In der Stiftsbibliothek St.Gallen ist eine Büchersammlung von Weltrang erhalten geblieben, die nicht nur die Leistungen des Klosters St.Gallen dokumentiert, sondern auch eine Reihe von Werken der europäischen Kulturgeschichte überliefert, die wir sonst nicht kennen würden, sogenannte Einzigüberlieferungen. Begleitend zur Winterausstellung im Barocksaal der Bibliothek stellen ausgewiesene Fachleute drei bedeutende, nur in St.Gallen erhaltene Werke vor.
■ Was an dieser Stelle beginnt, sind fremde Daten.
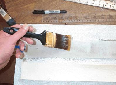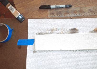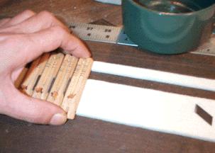 When the seats were originally glued to the pallets, the stick face was not glued all over. Apparently some type of heated roller wheel was used to apply two narrow lines of glue near the edges of the stick surface. There is a good reason for this; the same reason that vacuum reed organ felts are applied to the pallets with only a few drops of glue. Hot glue is an hygroscopic complex, just like wood. It can absorb atmospheric water and swell, but not necessarily at exactly the same rate as wood. A layer of glue covering the entire width of the pallet might swell or shrink differently than the wood due to changes in ambient relative humidity, causing the stick to warp or bow widthwise. In order to get two narrow lines of glue on the sticks quickly, I finally puzzled out this trick. Strips of sticky paper, made from Avery file folder labels, were cut 1/8" narrower than the pallets, and stuck on as shown. Then a thick coat of hot glue was brushed on, and the sticky paper was quickly pulled off. This left two narrow, but heavy streaks of glue on the edges of the stick.
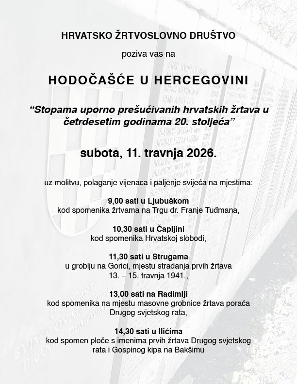 Hrvatsko žrtvoslovno društvo iz Zagreba organizira tradicionalno hodočašće pod nazivom “Stopama uporno prešućivanih hrvatskih žrtava u četrdesetim godinama 20. stoljeća” u subotu 11. travnja 2026. godine.

Den Anfang macht Michael I. Allen mit der Weltchronik Frechulfs, Bischof von Lisieux um 820/850. Frechulf widmete diese erste karolingische Weltgeschichte der Frau Ludwigs des Frommen, Kaiserin Judith. Vermutlich ist die Handschrift der Stiftsbibliothek sein Autograph.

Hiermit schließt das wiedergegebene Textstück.